Баннинг Кок сказал, поглаживая бородку:
– Как вы думаете, что за мысль влетела мне сейчас в голову?
– Влетела, как птичка? – спросил кто-то с того конца стола.
– Хуже! Она просверлила лоб и застряла в мозгу.
– Ого! – воскликнул лейтенант. – Значит, мы услышим сейчас нечто…
– Именно!.. Вот гляжу на вас и говорю себе: почему бы не заказать групповой портрет?
– Групповой? – удивился стрелок Схеллингвау. – Портрет всей роты, что ли?

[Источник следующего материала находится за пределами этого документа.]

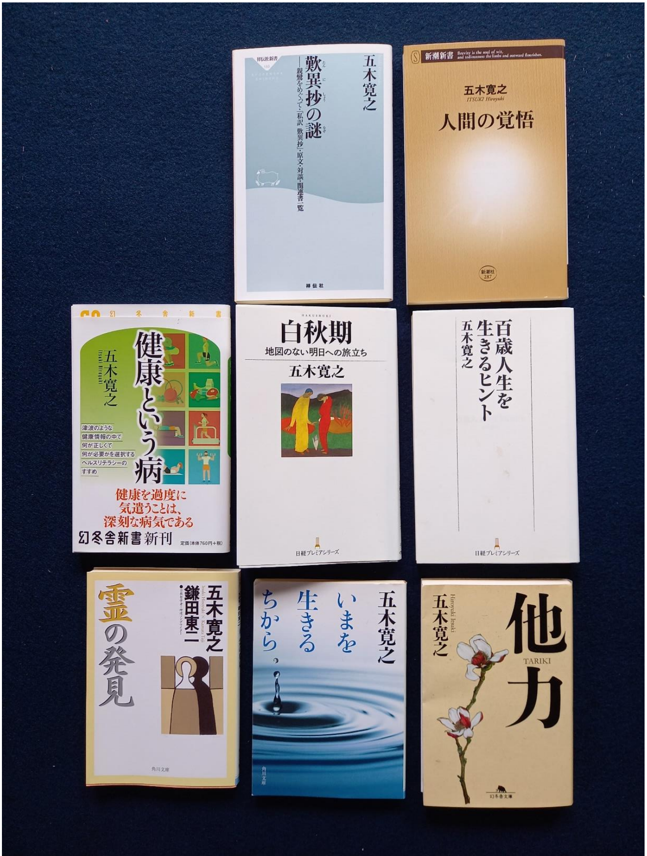
早速、古本屋で買った本

– По желанию… По желанию… – продолжал капитан. – Вчера у одних знакомых я встретил доктора Тюлпа. Он на все лады расхваливал художника ван Рейна…
– Этот художник рисовал доктора и его учеников.
– Верно… Художник – из первых в Амстердаме.
Стрелок Крейсберген допил бокал и воскликнул:
– Согласен! Вношу свои флорины.
– Ты-то согласен, – сказал капитан. – Дело теперь за малым: согласится ли он?
– Кто – он?
– Господин ван Рейн с улицы Широкой. А еще надо узнать окольными путями, примет ли нас вообще.
– Такая важная птица? – сострил Схеллингвау.
– Представь себе!
И компания принялась обсуждать мысль, неожиданно просверлившую темя капитана Баннинга Кока…
Доктор Тюлп внимательно выслушал капитана Франса Баннинга Кока – такого плотного, крепкого, тридцатипятилетнего – и сказал:
– Разумеется, я хорошо знаю господина ван Рейна. Я позировал ему около десяти лет тому назад. Лечил его самого и его семью. Лечу и теперь. Он не одержим родовой фанаберией, как полагают некоторые. Рембрандт сын простого мельника. И трудится он все дни, как мельник, не покладая рук. Иногда слышишь: он нелюдим. Это неправда. Я бы сказал так: он – человек веселый, общительный. Если доведется – взгляните на его портрет с женой на коленях. Он весь такой – как хороший напиток в хорошем бокале, который держит в руке. Он просто очень занят: днем – работой, ночью – мыслями о предстоящей работе.
– Господин Тюлп… Уважаемый доктор… – Капитан говорил так, словно ему жали башмаки. – Но разве не нужны ему заказы?
– Почему не нужны? Нужны. Но он богат. И жена его принесла с собой хорошее приданое. На Широкой улице, близ шлюза святого Антония, у него теперь прекрасный дом. Прекрасная галерея офортов и разных картин, прекрасные раритеты… Словом, это богатый человек. Впрочем, так же, как и вы. К чему я это говорю? Он не станет связываться с работой только ради заработка. У него свои живописные идеалы.
Баннинг Кок (несколько обескураженно):
– Что же вы советуете?
Доктор Тюлп улыбнулся.
– Попытайтесь, господин капитан, проникнуть к нему. Но учтите: вы будете иметь дело с первым художником Амстердама.
– Значит, попытаться?
Доктор Тюлп:
– Если угодно, капитан, для начала я переговорю с ним сам.
– Отлично! – Пухлые пальцы капитана коснулись рыжеватых усов и молодцевато их расправили.
«Он меня боднет», – подумал капитан, войдя в мастерскую художника. В самом деле, Рембрандт стоял, широко расставив ноги. Он осматривал гостя пытливым, недоверчивым взглядом. Художник даже не ответил на приветствие. Стоял и молча глядел, что-то соображая.
Капитан был одет по-парадному. Грудь – широкая, ноги его, видать, прочные, руки – крепкие, взгляд – прямой, открытый. Если верить врачам, которые утверждают, что лицо – зеркало души и здоровья, этот капитан несомненно крепыш. Наверное, его дед и отец сражались против испанских воинов, терзавших эту землю. Может быть, его отец даже сражался рядом с отцом художника, тоже проливавшего кровь в войне против испанцев… Все может быть… Этот капитан как бы олицетворяет тех, кто и сейчас может подняться по первому призыву против любого врага… Нет, ничего не скажешь – бравый капитан! Есть в его стати, в его ладно сколоченной фигуре нечто привлекательное, нечто большее, чем просто заправская лихость. В нем – та частица силы, мужества, преданности, которая так необходима любому уважающему себя народу.